EXERCISE DESCRIPTION. This task calls for the lines below starting at the one containing "从上面的表格中,我们可以看到" and ending at the one containing "2021年3月15日,成都市", repeated exactly with both ends kept and pictures left out.
======== LISTED ENTRIES ========
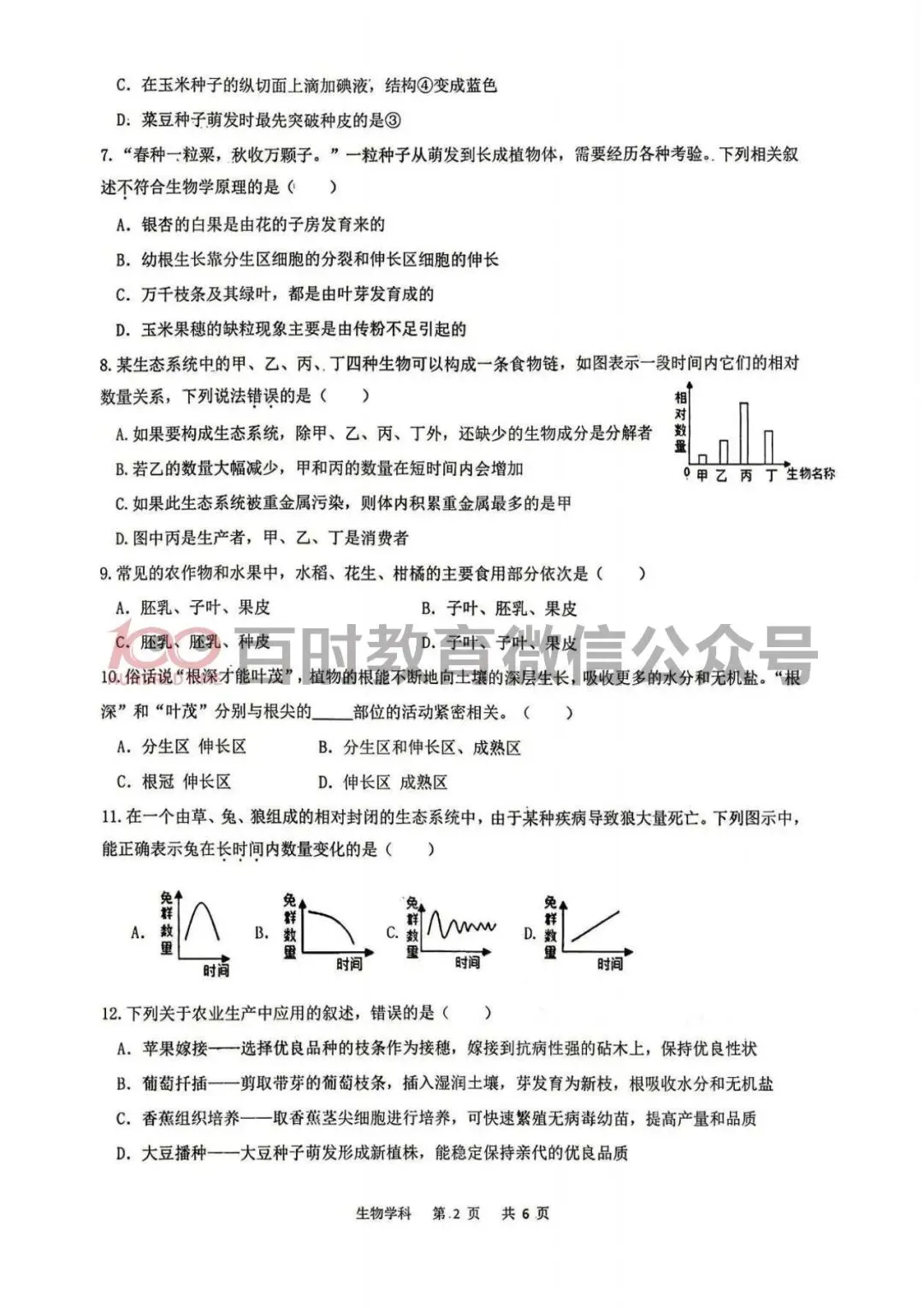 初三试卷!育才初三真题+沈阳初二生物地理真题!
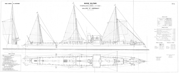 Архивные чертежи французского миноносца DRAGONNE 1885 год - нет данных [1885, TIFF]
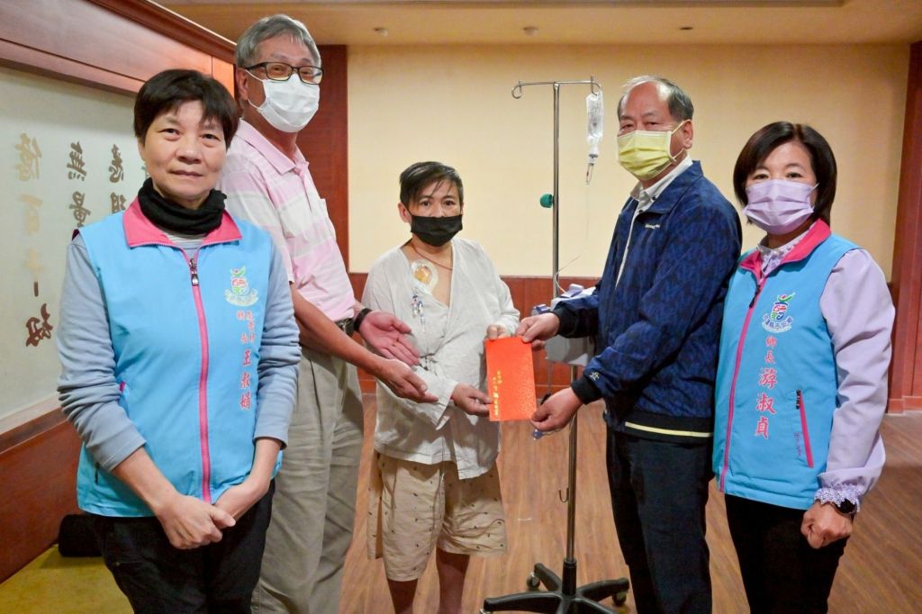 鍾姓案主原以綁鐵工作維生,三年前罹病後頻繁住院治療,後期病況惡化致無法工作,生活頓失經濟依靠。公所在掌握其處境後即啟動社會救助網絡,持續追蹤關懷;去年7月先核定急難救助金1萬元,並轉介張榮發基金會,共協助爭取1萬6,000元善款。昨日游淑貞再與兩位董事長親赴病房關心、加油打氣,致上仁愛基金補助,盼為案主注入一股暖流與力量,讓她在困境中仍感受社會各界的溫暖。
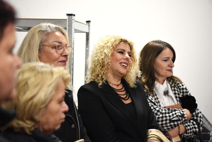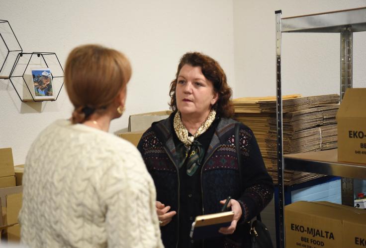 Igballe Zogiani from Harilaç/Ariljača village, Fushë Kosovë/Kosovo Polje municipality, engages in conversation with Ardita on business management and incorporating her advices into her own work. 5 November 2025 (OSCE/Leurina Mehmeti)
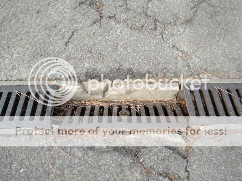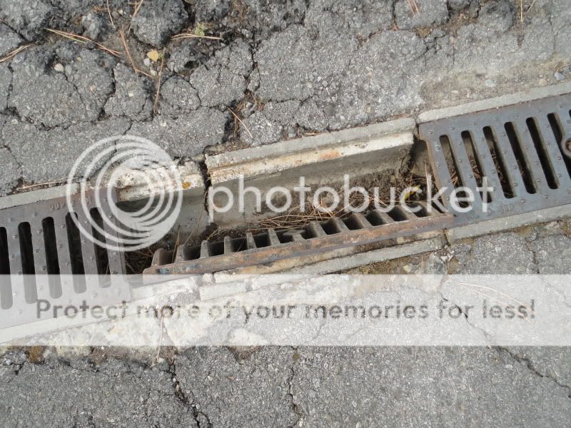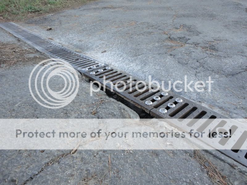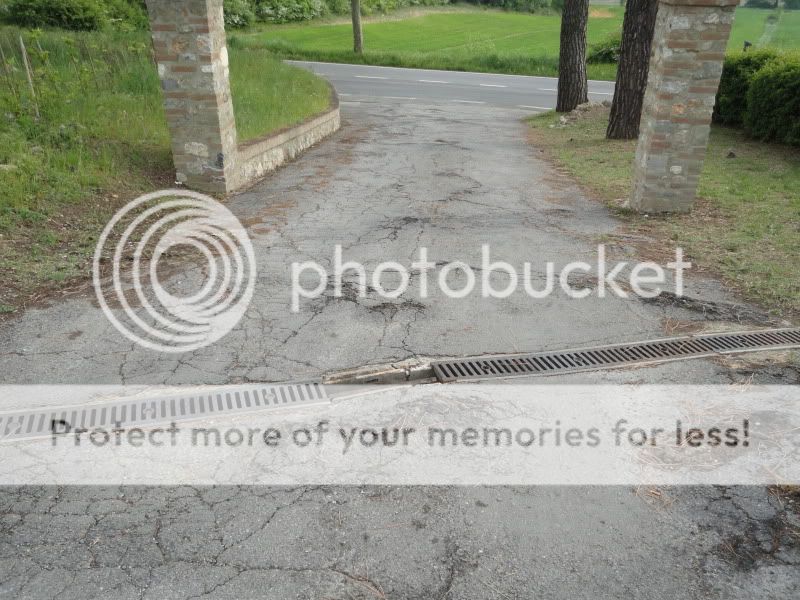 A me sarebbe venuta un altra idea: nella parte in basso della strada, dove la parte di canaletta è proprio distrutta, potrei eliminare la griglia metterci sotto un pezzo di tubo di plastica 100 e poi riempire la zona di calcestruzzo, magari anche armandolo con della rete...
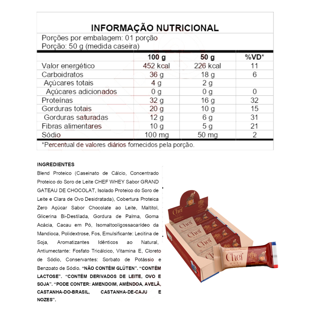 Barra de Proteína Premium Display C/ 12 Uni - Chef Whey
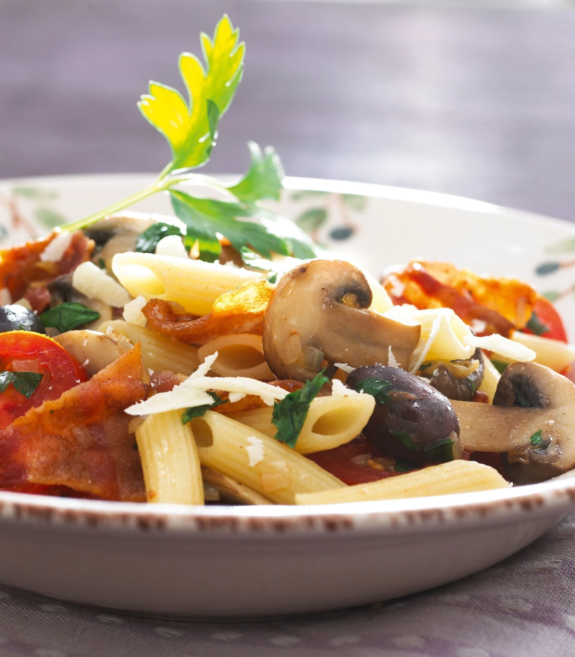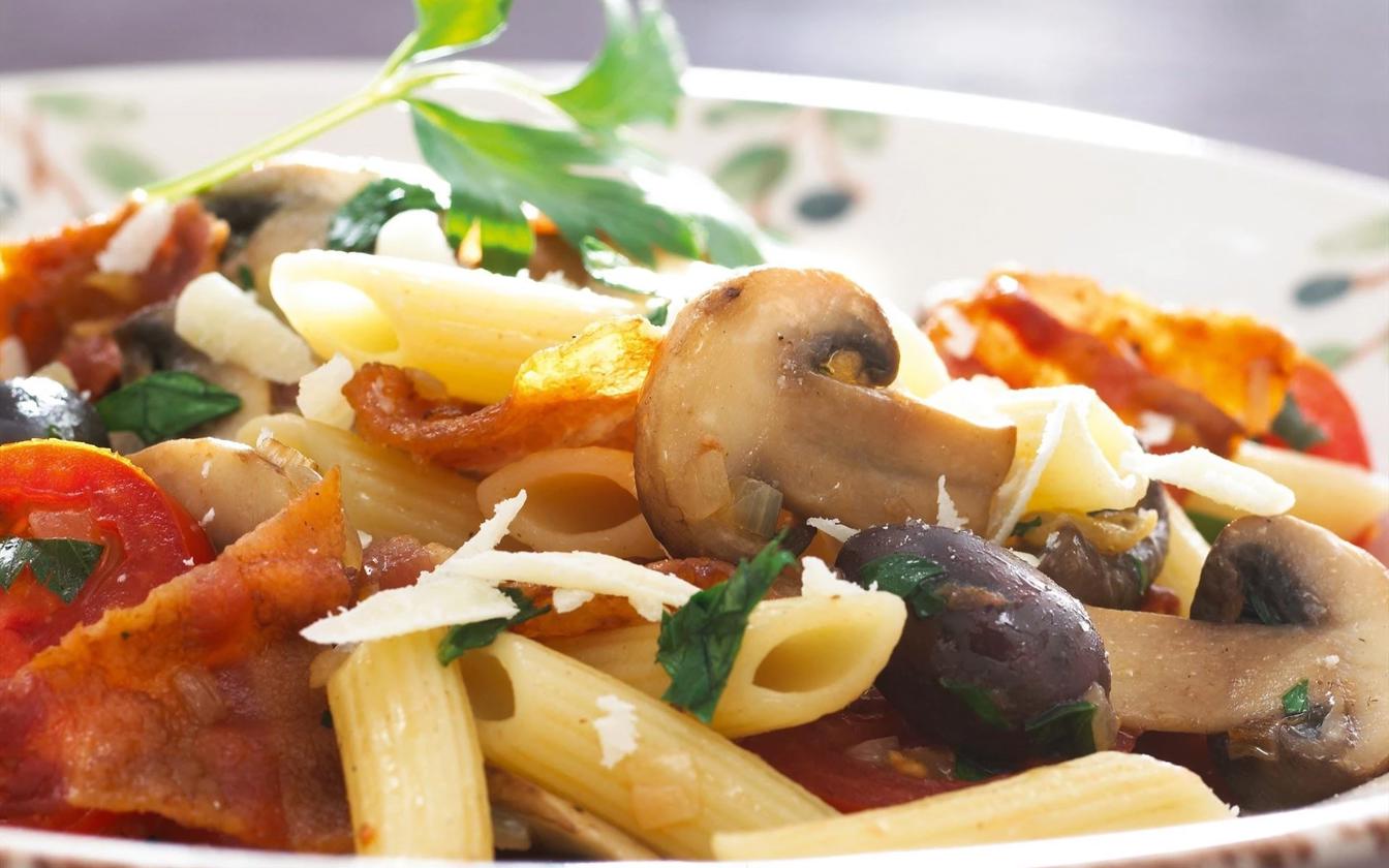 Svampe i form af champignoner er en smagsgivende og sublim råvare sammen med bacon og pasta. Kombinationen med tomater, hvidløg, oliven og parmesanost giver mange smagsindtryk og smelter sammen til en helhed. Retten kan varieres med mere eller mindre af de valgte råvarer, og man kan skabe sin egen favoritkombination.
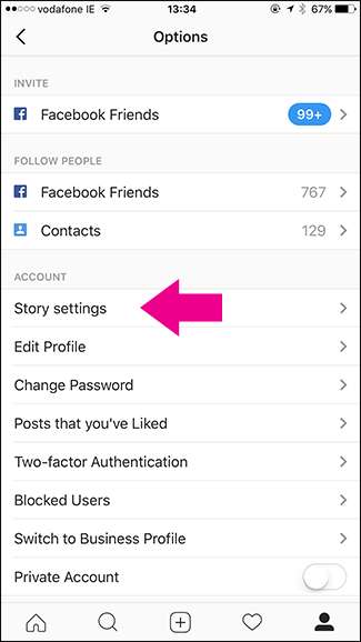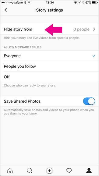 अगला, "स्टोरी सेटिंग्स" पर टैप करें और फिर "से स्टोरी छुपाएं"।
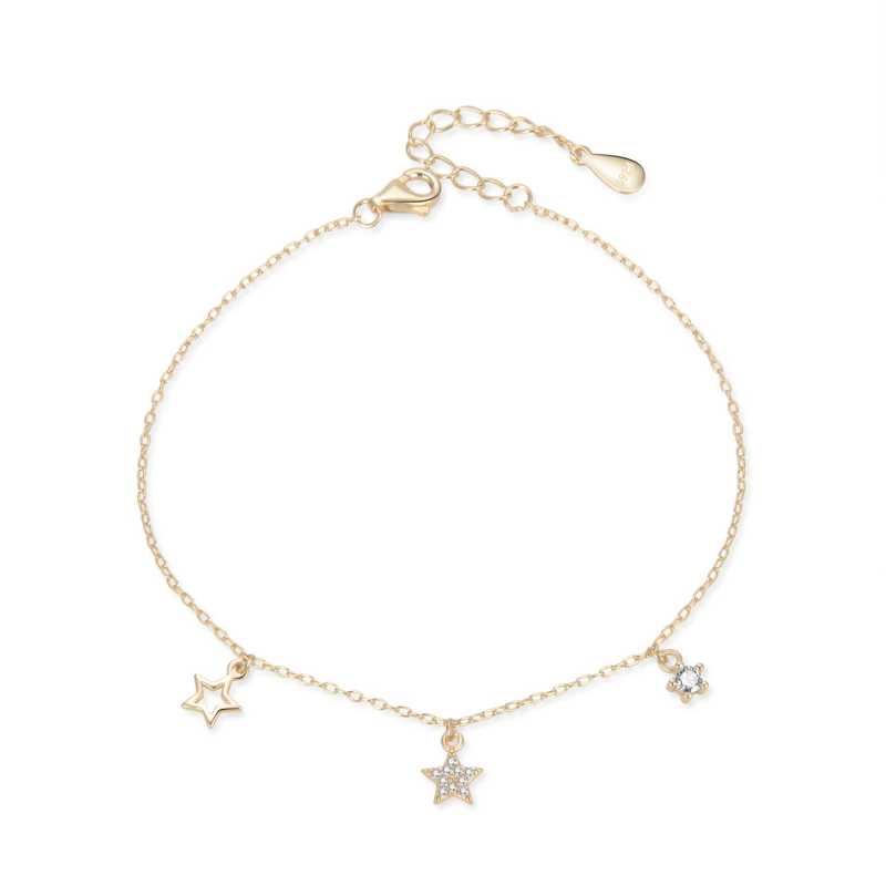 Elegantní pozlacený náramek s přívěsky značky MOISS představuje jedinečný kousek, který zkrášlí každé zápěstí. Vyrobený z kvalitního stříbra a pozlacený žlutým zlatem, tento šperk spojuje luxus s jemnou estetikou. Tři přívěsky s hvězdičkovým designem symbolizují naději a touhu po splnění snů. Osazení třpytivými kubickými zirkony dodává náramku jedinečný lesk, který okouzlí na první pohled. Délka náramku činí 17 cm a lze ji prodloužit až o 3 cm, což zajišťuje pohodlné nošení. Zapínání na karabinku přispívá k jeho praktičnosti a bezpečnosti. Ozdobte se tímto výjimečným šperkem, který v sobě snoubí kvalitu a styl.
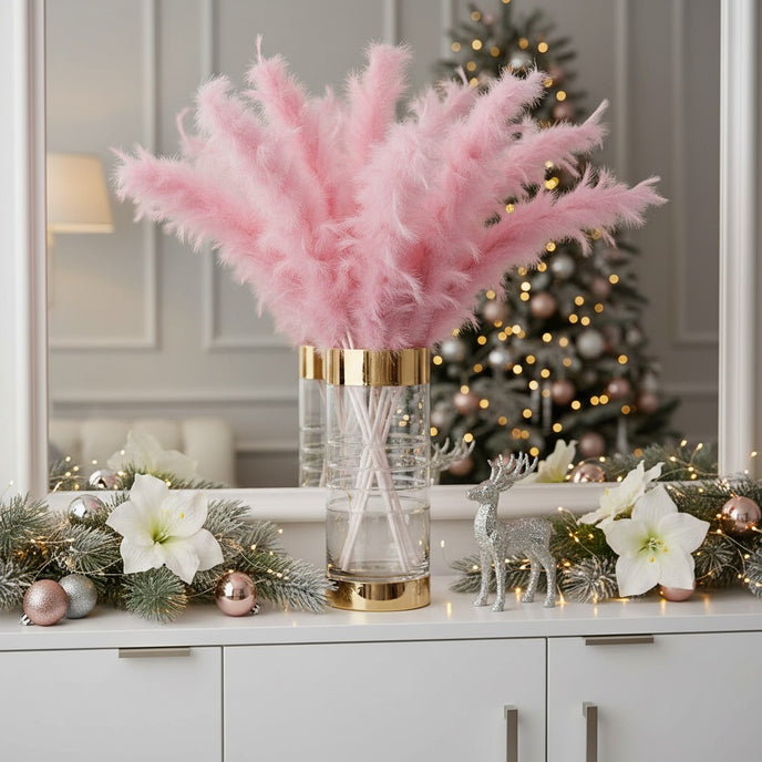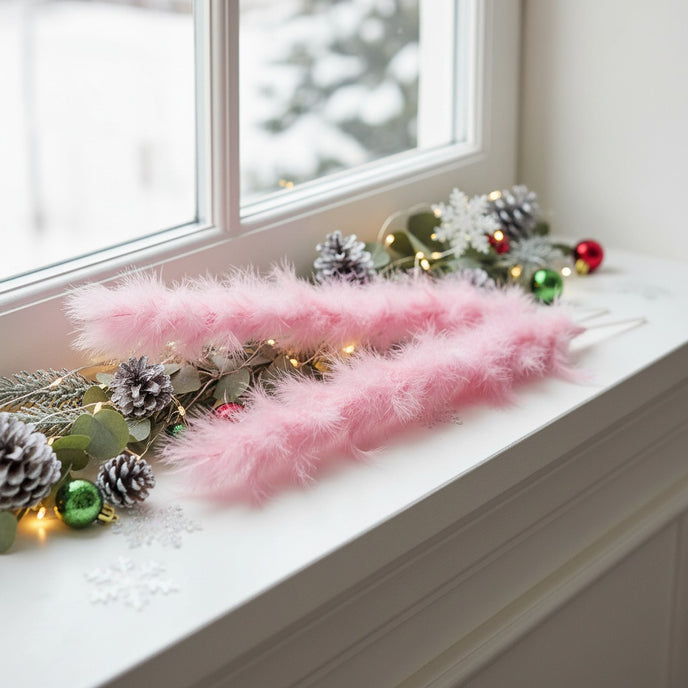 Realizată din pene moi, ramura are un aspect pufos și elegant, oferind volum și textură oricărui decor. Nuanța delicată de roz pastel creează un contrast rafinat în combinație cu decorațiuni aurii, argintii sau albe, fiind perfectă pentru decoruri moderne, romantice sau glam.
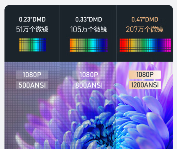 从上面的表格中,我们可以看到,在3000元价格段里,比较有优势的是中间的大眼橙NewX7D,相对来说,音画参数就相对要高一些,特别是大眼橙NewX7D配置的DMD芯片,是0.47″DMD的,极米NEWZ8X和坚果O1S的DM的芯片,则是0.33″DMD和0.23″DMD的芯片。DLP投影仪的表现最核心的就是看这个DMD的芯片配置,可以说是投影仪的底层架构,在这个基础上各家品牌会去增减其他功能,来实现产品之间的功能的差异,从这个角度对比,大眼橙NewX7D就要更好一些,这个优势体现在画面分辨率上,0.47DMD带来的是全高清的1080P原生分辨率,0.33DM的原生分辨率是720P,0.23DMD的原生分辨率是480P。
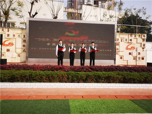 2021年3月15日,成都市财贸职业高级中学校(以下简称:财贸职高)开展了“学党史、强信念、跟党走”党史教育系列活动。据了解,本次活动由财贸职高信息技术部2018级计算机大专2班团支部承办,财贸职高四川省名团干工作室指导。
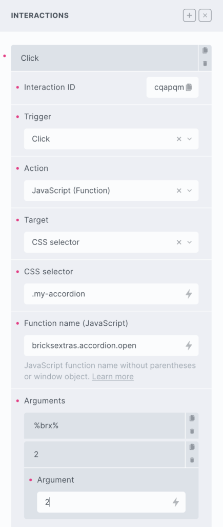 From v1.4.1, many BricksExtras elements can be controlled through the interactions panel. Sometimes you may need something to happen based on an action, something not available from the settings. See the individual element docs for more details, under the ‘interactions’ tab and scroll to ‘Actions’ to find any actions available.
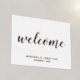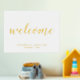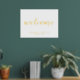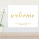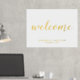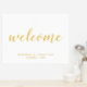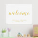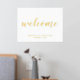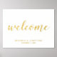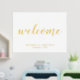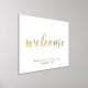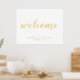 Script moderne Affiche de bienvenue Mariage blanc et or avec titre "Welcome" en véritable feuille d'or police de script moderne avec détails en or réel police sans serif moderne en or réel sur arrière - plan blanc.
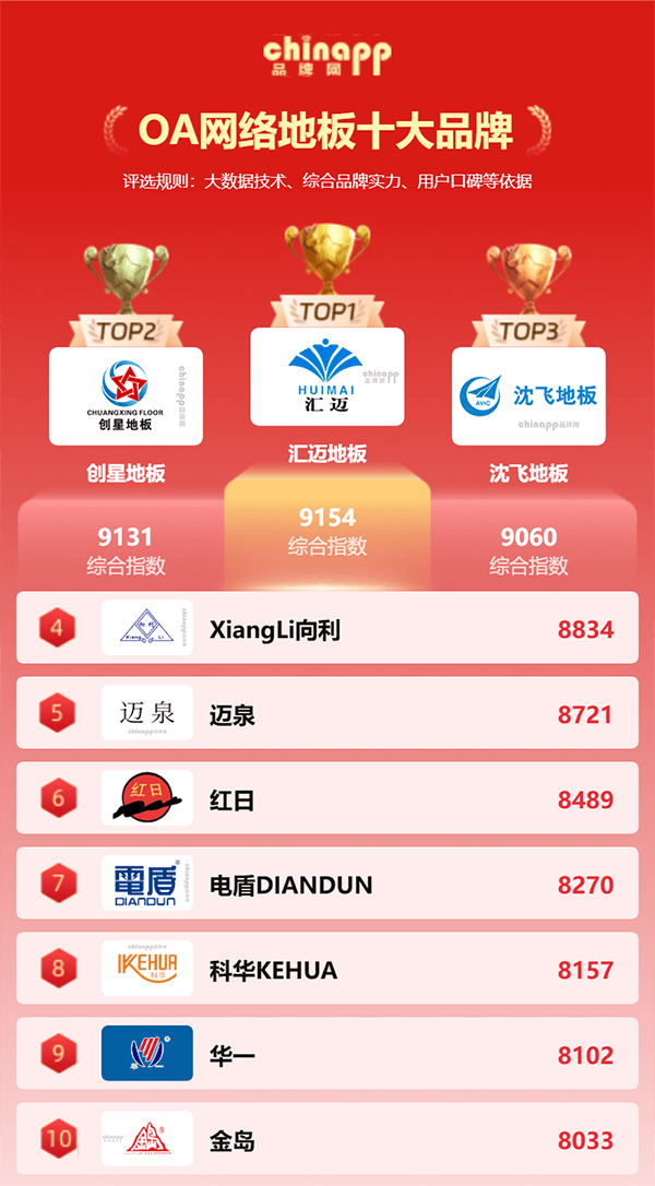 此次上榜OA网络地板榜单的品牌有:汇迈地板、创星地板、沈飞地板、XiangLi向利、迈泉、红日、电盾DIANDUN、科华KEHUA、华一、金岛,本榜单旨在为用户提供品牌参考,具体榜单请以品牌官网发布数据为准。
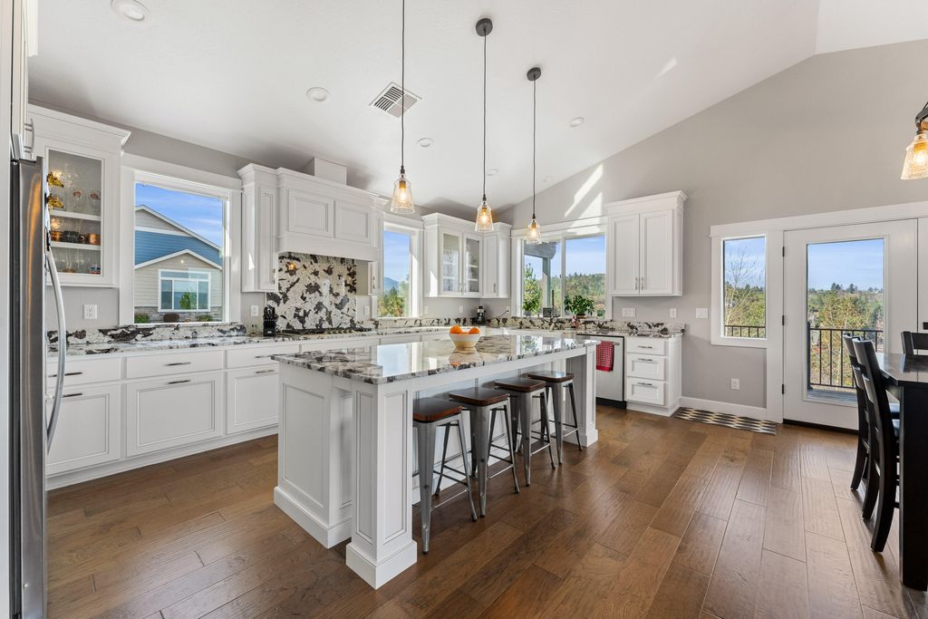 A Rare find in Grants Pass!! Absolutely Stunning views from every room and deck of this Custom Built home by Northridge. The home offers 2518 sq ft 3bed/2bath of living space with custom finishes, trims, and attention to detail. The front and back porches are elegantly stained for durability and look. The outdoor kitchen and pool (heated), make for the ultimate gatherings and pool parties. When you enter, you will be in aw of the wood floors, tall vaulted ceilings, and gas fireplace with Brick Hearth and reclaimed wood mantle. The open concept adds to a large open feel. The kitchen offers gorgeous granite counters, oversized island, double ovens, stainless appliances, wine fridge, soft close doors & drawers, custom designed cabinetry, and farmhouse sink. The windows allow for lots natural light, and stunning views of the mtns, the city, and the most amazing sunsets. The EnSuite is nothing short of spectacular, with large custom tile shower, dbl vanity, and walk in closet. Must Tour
========
EXERCISE RESULT.
 从上面的表格中,我们可以看到,在3000元价格段里,比较有优势的是中间的大眼橙NewX7D,相对来说,音画参数就相对要高一些,特别是大眼橙NewX7D配置的DMD芯片,是0.47″DMD的,极米NEWZ8X和坚果O1S的DM的芯片,则是0.33″DMD和0.23″DMD的芯片。DLP投影仪的表现最核心的就是看这个DMD的芯片配置,可以说是投影仪的底层架构,在这个基础上各家品牌会去增减其他功能,来实现产品之间的功能的差异,从这个角度对比,大眼橙NewX7D就要更好一些,这个优势体现在画面分辨率上,0.47DMD带来的是全高清的1080P原生分辨率,0.33DM的原生分辨率是720P,0.23DMD的原生分辨率是480P。
 2021年3月15日,成都市财贸职业高级中学校(以下简称:财贸职高)开展了“学党史、强信念、跟党走”党史教育系列活动。据了解,本次活动由财贸职高信息技术部2018级计算机大专2班团支部承办,财贸职高四川省名团干工作室指导。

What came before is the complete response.